* The problem
Could you restate the data below word for word, without its pictures?

* Data block
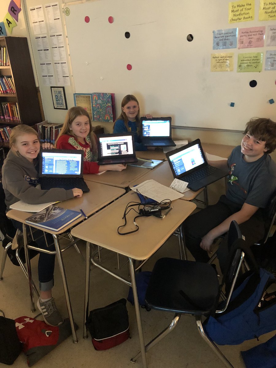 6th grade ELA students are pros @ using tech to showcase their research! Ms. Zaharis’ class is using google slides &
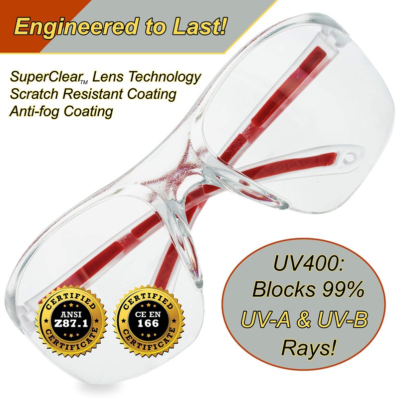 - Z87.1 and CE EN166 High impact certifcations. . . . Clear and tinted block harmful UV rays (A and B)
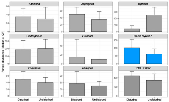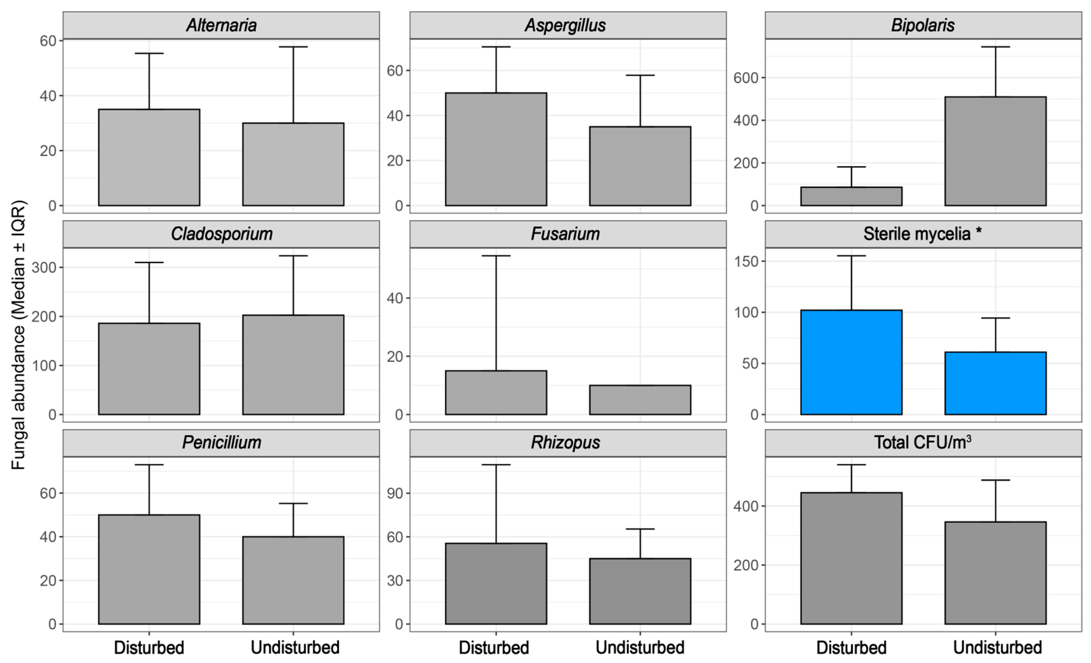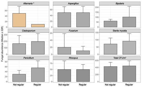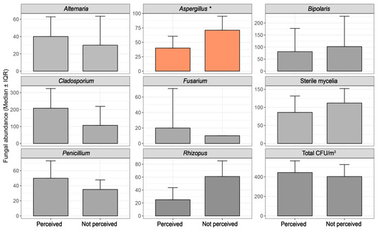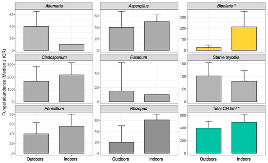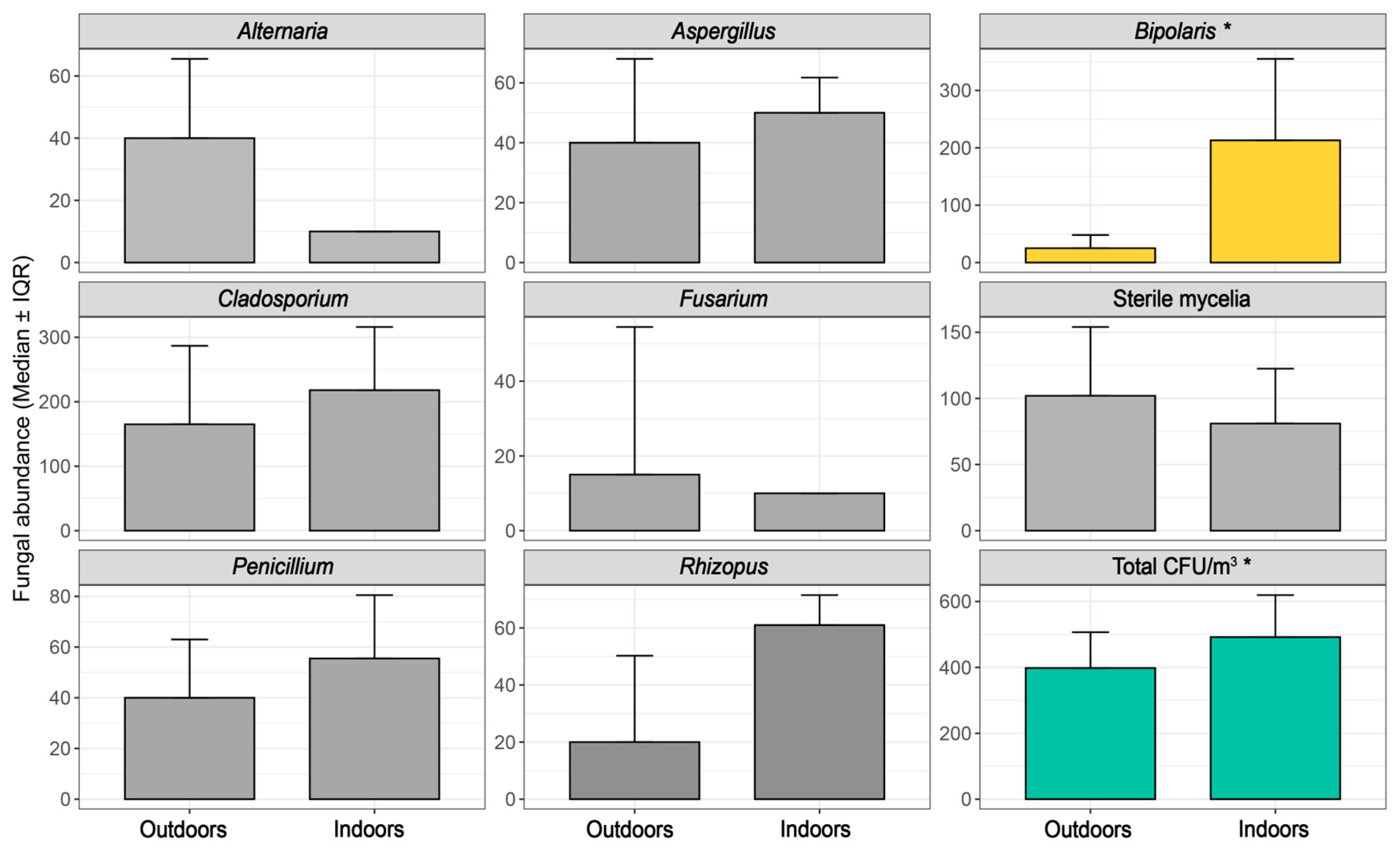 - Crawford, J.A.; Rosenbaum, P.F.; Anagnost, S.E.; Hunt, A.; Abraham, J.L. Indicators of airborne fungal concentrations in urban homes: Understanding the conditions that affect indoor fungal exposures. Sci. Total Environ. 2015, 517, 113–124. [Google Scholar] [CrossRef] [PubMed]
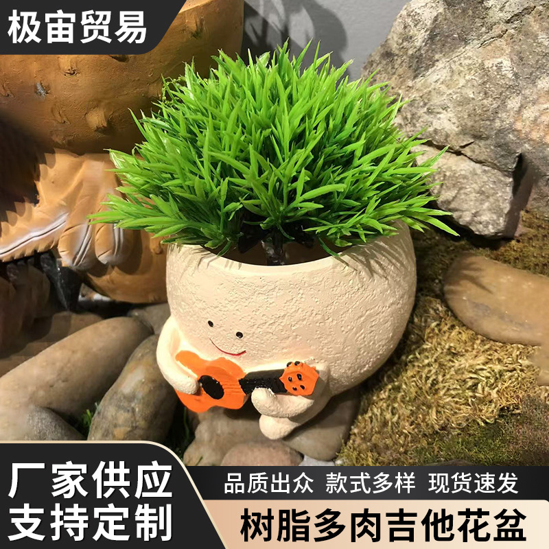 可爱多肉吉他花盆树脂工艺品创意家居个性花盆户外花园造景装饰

* Output of the task
 6th grade ELA students are pros @ using tech to showcase their research! Ms. Zaharis’ class is using google slides &
 - Z87.1 and CE EN166 High impact certifcations. . . . Clear and tinted block harmful UV rays (A and B)
 - Crawford, J.A.; Rosenbaum, P.F.; Anagnost, S.E.; Hunt, A.; Abraham, J.L. Indicators of airborne fungal concentrations in urban homes: Understanding the conditions that affect indoor fungal exposures. Sci. Total Environ. 2015, 517, 113–124. [Google Scholar] [CrossRef] [PubMed]
 可爱多肉吉他花盆树脂工艺品创意家居个性花盆户外花园造景装饰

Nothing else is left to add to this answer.